Glitches als Stilmittel
Die visuellen Irritationen in den Bildern sind kein Zufall. Die deutsche Digital-Kuratorin Maren Burghard hat die Bilder nicht fotografisch oder malerisch erschaffen, sondern zusammen mit KI-Bildgeneratoren. Burghards Werke zeigen, wie KI-Modelle kollektive Vorstellungen verarbeiten und daraus neue Imaginationen kreieren. KI-Modelle interpretieren algorithmisch unsere visuelle Kultur – und machen dabei auch Fehler.
-
Bild 1 von 5. Seidenglatte Haut, perfektes Haar, stilvolle Geräte: KI weiss, optische Perfektion zu liefern. Setzt sie damit auch neue Standards? Bildquelle: KI-Bild: Maren Burghard.
-
Bild 2 von 5. Bei genauem Hinsehen wird klar: KI halluziniert nicht selten in Wort und Bild. Bildquelle: KI-Bild: Maren Burghard.
-
Bild 3 von 5. Dieses quasi-perfekte Bild irritiert: die Sitzhaltung des Models ist unrealistisch brett-artig. Und was ist mit dem rechten Bein? Bildquelle: KI-Bild: Maren Burghard.
-
Bild 4 von 5. Das KI-Bild «Erinnerungssysteme» ist eine fantastische Wundermaschine. Nonsense oder Inspiration für neue Innovationen? Bildquelle: KI-Bild: Maren Burghard.
-
Bild 5 von 5. Eine weitere surrealistische Kreation der Bild-KI: der pflanzenartige Tintenfisch-Vogel serviert auf Blumengedeck. Bildquelle: KI-Bild: Maren Burghard.
Manche dieser «Glitches» (Bildstörungen) stammen aus den frühen Tagen der KI, andere werden bewusst in die Bilder eingearbeitet. Sie werfen Fragen auf bezüglich der Vertrauenswürdigkeit des Betrachteten: Wie echt ist das Bild? Was ist der Wert des «Echten» überhaupt?
Und was, wenn der Fake komplett neue Sichtweisen auf das Echte ermöglicht und dadurch unsere Realität verändert? Ist dann nicht die Basis des Echten der Fake? Was heisst das in Bezug auf die Art und Weise, wie wir das Echte und das Fake auseinanderhalten? Und warum wollen oder sollen wir das überhaupt tun?

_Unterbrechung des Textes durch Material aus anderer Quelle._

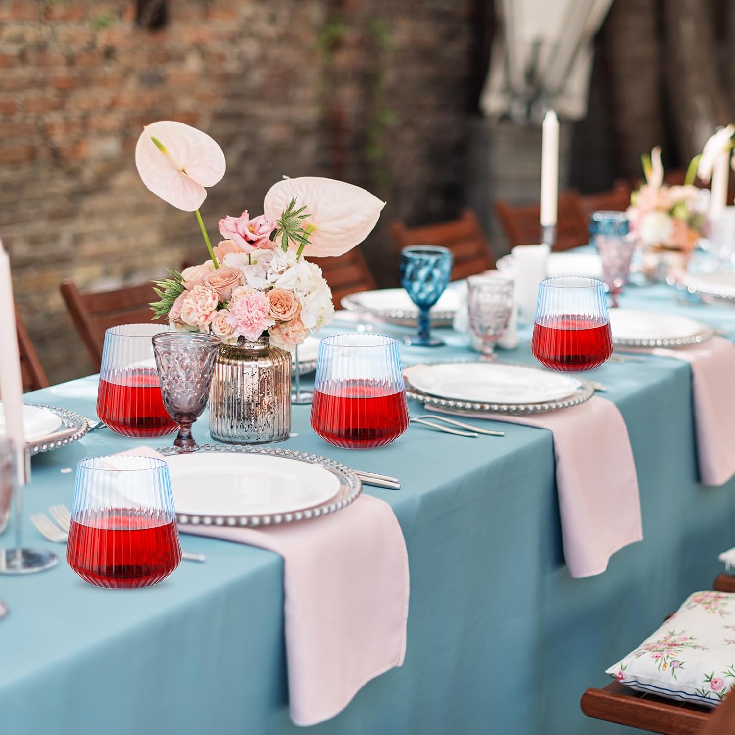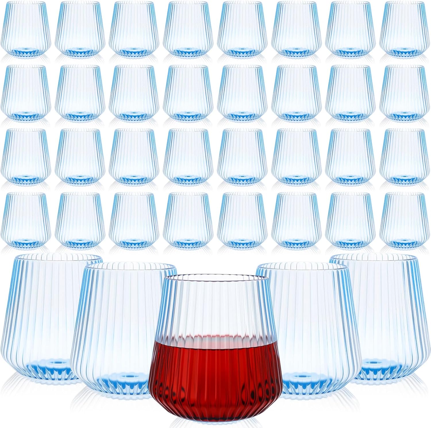 Suclain Plastic Wine Glasses Ribbed Stemless Wine Glasses 14oz Vertical Design Unbreakable Cups for Outdoor Indoor Vintage Elegant Champagne Whiskey Cups for Party Wedding(Blue,100 Pcs)
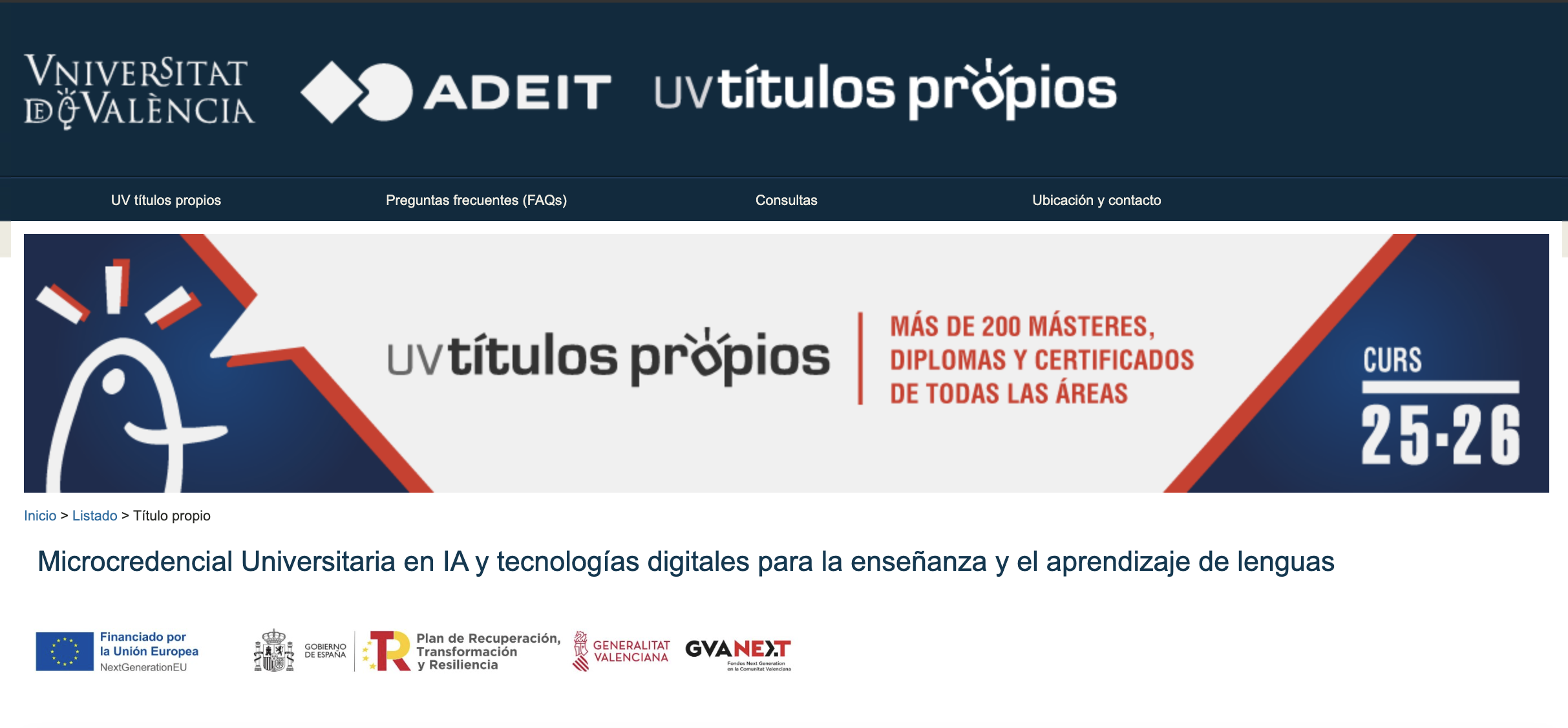 Esta microcredencial se enmarca en las iniciativas de la Red Iberoamericana sobre Ética Digital e IA Educativa (REDIE) (626RT0201, Programa CYTED), la RED-IA, el Proyecto de Innovación Educativa (ref. 3898146) del Vicerrectorado de Formación Permanente, Transformación Docente y Ocupación de la Universitat de València, el Proyecto europeo UPSkilled (ref. 2025-1-ES01-KA220-HED-000355590), el Proyecto ASPAI (A Shared Path to AI Literacy in Education), así como el Grupo de Investigación TeLL-ME (Teaching and Learning Languages in Multilingual Education), GRIAC (Research Group on Academic and Scientific Integrity) e IGALA (Interdisciplinary Group Active Learning & Assessment).

Das Bilderspiel mit KI ist mehr als Spielerei
Die Ausstellung «New Realities» ist mehr als ein ästhetisches Experiment. Sie zeichnet den Aufstieg einer Technologie nach, die, kreativ genutzt, zum Werkzeug wird, mit dem sich die Welt neu denken und gestalten lässt. Andererseits wird auch klar: Realität und Simulation sind in naher Zukunft kaum mehr auseinanderzuhalten. Ohne kritischen Blick aufs Bild verstehen wir bald die Welt nicht mehr.